Task directions: Your answer is the lines below, exactly, from the one that contains "2, 在其中点击想要更换的语" through the one that contains "电视TV的系统也是安卓,后缀格式也是apk,苹果请使用Apple TV盒子", both included.

Material for the task:
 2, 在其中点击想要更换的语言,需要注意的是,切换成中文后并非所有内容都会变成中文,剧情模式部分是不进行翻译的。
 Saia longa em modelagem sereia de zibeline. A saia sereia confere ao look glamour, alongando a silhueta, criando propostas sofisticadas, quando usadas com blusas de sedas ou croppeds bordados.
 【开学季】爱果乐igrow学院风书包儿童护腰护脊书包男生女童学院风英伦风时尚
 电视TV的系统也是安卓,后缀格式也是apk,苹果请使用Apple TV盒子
...
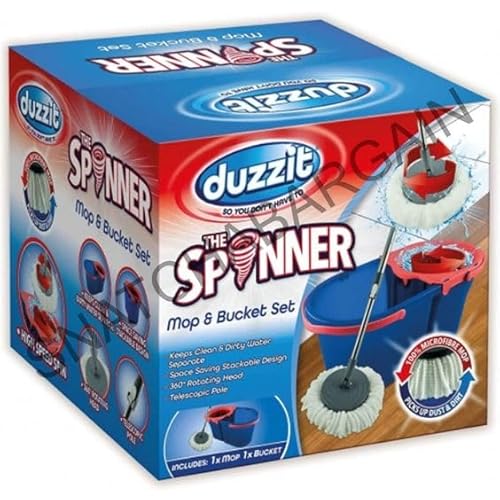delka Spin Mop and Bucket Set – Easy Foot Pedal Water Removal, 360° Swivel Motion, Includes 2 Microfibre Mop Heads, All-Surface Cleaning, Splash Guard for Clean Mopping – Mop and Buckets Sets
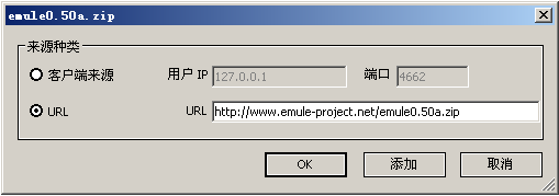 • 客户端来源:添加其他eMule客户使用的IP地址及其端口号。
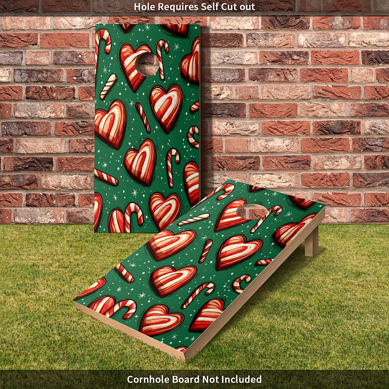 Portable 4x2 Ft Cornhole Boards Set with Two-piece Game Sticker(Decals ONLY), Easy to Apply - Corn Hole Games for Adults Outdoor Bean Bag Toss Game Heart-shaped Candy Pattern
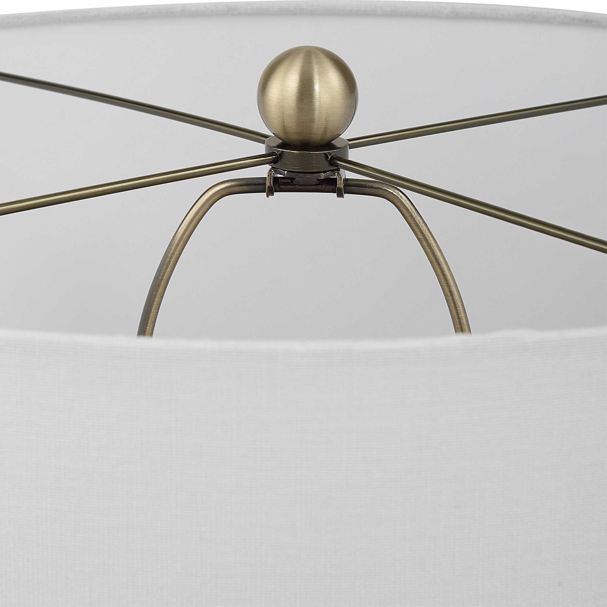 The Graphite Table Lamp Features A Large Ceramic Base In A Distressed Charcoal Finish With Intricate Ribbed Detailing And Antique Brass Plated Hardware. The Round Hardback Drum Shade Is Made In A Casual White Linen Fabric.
...
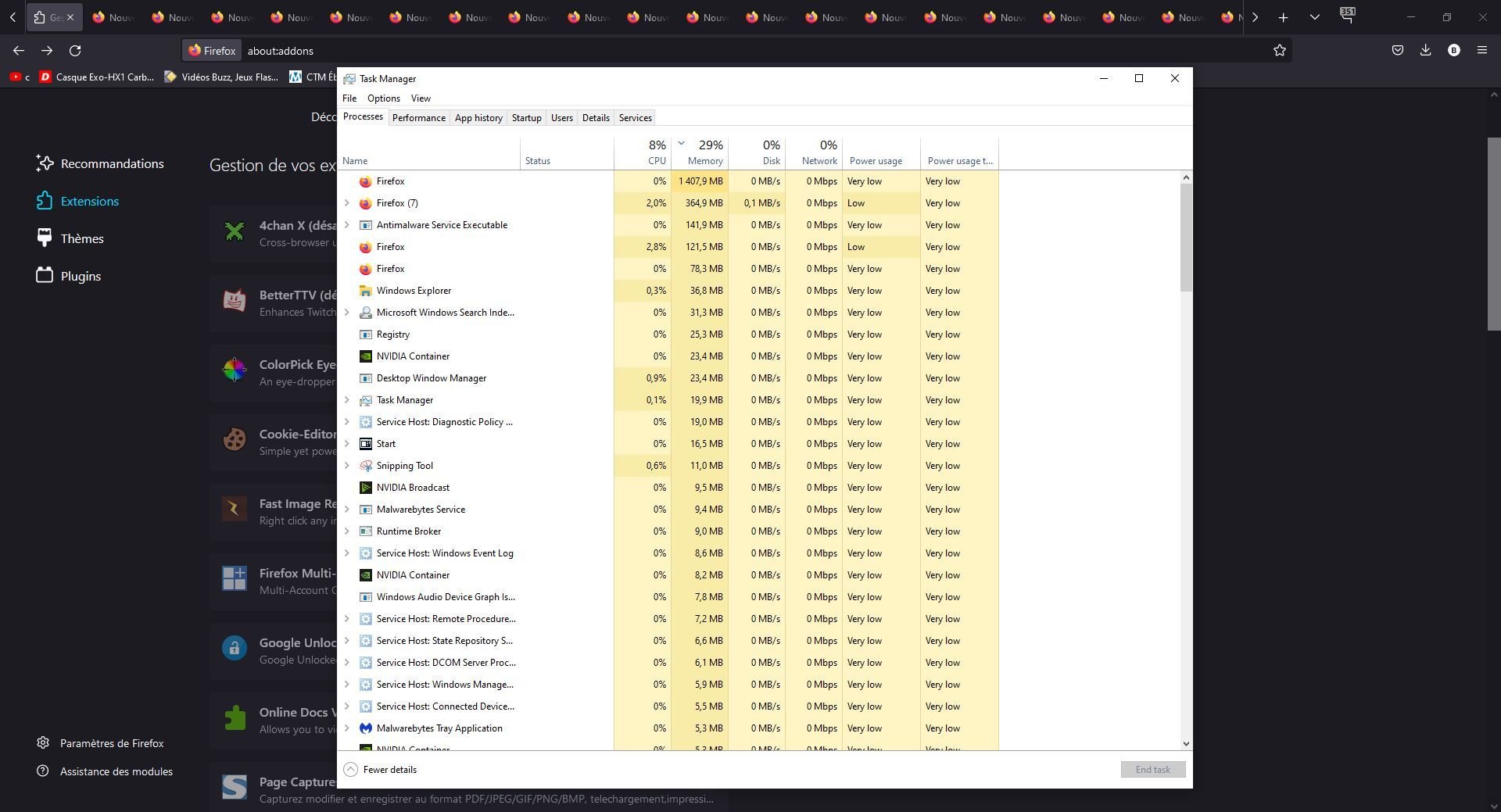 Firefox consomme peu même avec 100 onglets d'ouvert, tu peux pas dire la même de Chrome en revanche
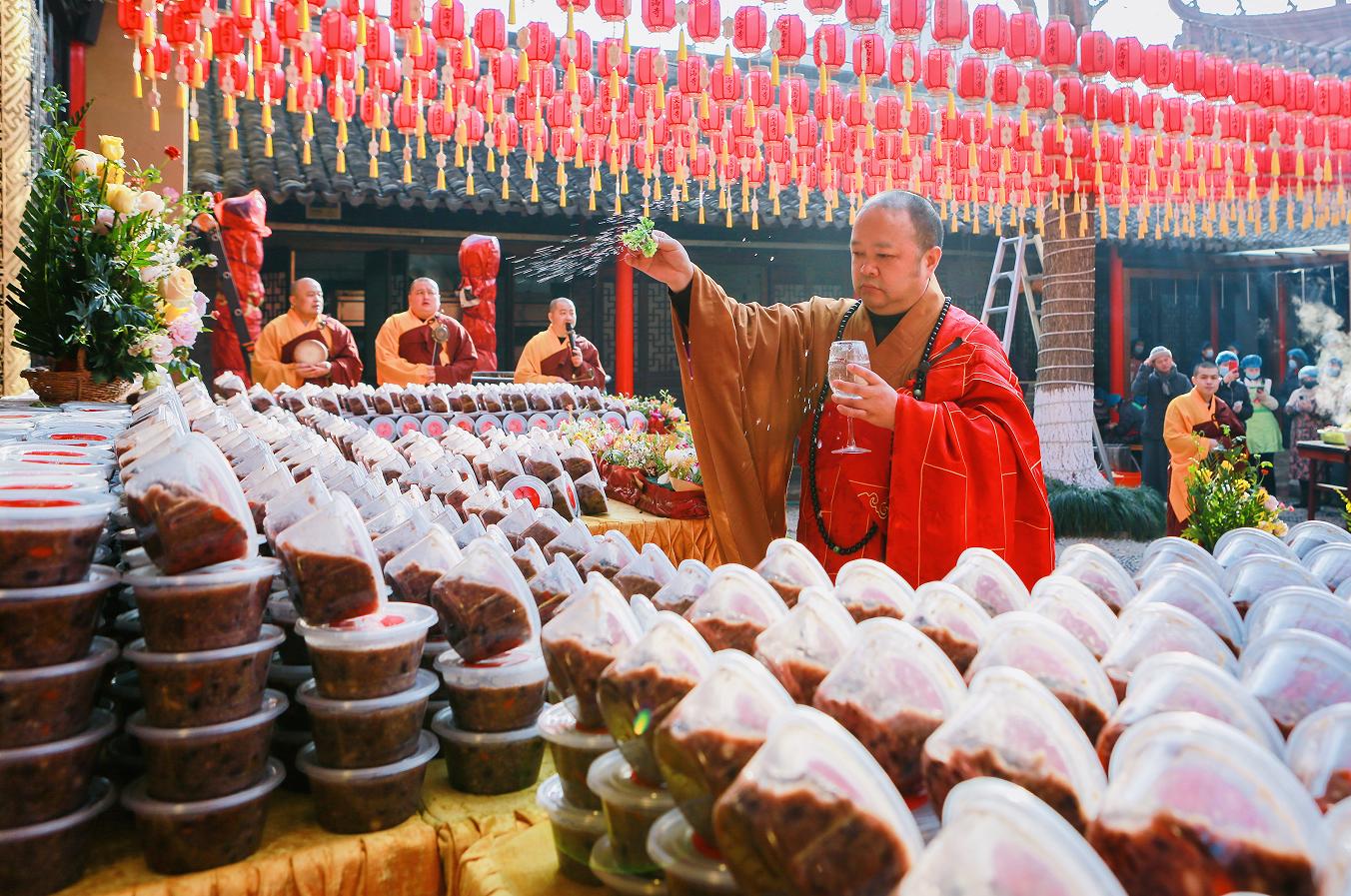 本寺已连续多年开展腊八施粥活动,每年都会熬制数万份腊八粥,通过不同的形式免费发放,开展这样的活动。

Task response:
 2, 在其中点击想要更换的语言,需要注意的是,切换成中文后并非所有内容都会变成中文,剧情模式部分是不进行翻译的。
 Saia longa em modelagem sereia de zibeline. A saia sereia confere ao look glamour, alongando a silhueta, criando propostas sofisticadas, quando usadas com blusas de sedas ou croppeds bordados.
 【开学季】爱果乐igrow学院风书包儿童护腰护脊书包男生女童学院风英伦风时尚
 电视TV的系统也是安卓,后缀格式也是apk,苹果请使用Apple TV盒子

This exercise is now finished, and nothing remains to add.